Robert Bradshaw, 11.03.2011 19:33:
On Fri, Mar 11, 2011 at 9:36 AM, Stefan Behnel<stefan...@behnel.de>  wrote:
Stefan Behnel, 11.03.2011 15:08:

Vitja Makarov, 11.03.2011 15:04:

2011/3/11 Stefan Behnel:

Personally, I think it would be nice to keep up Python's semantics, but
when
I implemented this I broke quite some code in Sage (you may have noticed
that the sage-build project in Hudson has been red for a while). There
are
things in C and especially in C++ that cannot be easily copied into a
temporary variable in order to make sure they are evaluated before the
following arguments. This is not a problem for Python function calls
where
all arguments end up being copied (and often converted) anyway. It is a
problem for C function calls, though.

f(g(a), a.x, h(a))

Why could not this be translated into:

tmp1 = g(a)
tmp2 = a.x
tmp3 = h(a)

f(tmp1, tmp2, tmp3)

See above.

To be a little clearer here, it's a problem in C for example with struct
values. Copying them by value into a temp variable can be expensive,
potentially twice as expensive as simply passing them into the function
normally.

Yep, and some types (e.g. array types) can't be assigned to at all.
FWIW, the issues with Sage is that many libraries use the "stack
allocated, pass-by-reference" trick

     typedef foo_struct foo_t[1]

but we have declared them to be of type "void*" because we don't care
about or want to muck with the internals. Cleaning this up is
something we should do, but is taking a while, and aside from that it
makes Cython even more dependent on correct type declarations (and
backwards incompatible in this regard). Sage is a great test for the
buildbot, so keeping it red for so long is not a good thing either.

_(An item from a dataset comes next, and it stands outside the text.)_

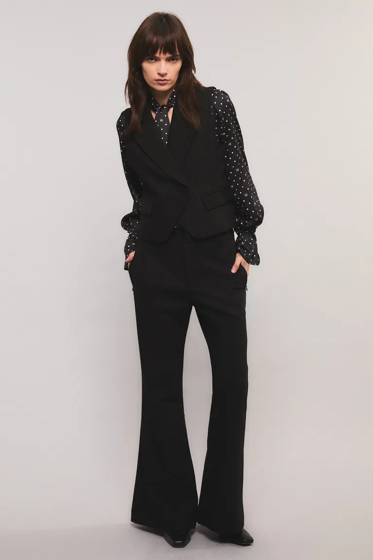 Pantalón de corte flare con diseño sastrero. Cuenta con bolsillos laterales de cierre invisible y bolsillos ojal en la parte trasera. Presenta cierre con broche personalizado y botón interno para un ajuste cómodo. Ideal para complementar looks formales o de oficina, ofreciendo una silueta estilizada y moderna que se adapta con versatilidad a diferentes ocasiones.

Not sure what kind of additional devilry C++ provides here, but I'd expect
that object values can exhibit bizarre behaviour when being assigned. Maybe
others can enlighten me here.

Yes, C++ allows overloading of the assignment operator, so assigning
may lead to arbitrary code (as well as probably an expensive copy, as
with structs, and structs in C++ are really just classes with a
different visibility).

I have no idea how many cases there actually are that we can't handle or
that may lead to a performance degradation when using temps, but the problem
is that they exist at all.

Note that this applies not just to function arguments, but a host of
other places, e.g. the order of evaluation of "f() + g()" in C is
unspecified. Fleshing this out completely will lead to a lot more
temps and verbose C code. And then we'd just cross our fingers that
the C compiler was able to optimize all these temps away (though still
possibly producing inferior code if it were able to switch order of
execution).

Whatever we do, we need a flag/directive. Perhaps there's a way to
guarantee correct ordering for all valid Python code

Plain Python code should never suffer from the original problem (with the obvious exception of cpdef functions), but I also see how type inference can affect this guarantee for the evaluation order in expressions.

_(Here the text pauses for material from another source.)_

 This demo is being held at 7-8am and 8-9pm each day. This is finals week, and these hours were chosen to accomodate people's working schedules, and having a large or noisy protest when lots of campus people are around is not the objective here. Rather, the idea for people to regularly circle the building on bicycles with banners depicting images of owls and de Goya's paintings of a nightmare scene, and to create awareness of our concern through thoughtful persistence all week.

I agree with Greg, though, that it has a code smell if (multiple) subexpressions in an expression have side-effects, especially when they are impacted by the evaluation order. That means that the average innocent future maintainer could break the code by manually rearranging the expression in a way that's perfectly valid mathematically, e.g. as a readability fix.


even in the
presence of (function and variable) type inference, but allow some
leeway for explicitly declared C functions.

I'm actually leaning towards not guaranteeing the order of execution if C doesn't do it either. If this is really required, it's easy to work around for users, but it's severely hard to fix for Cython in all cases, and the gain is truly small. After all, we'd only make it easier for users to write bad code.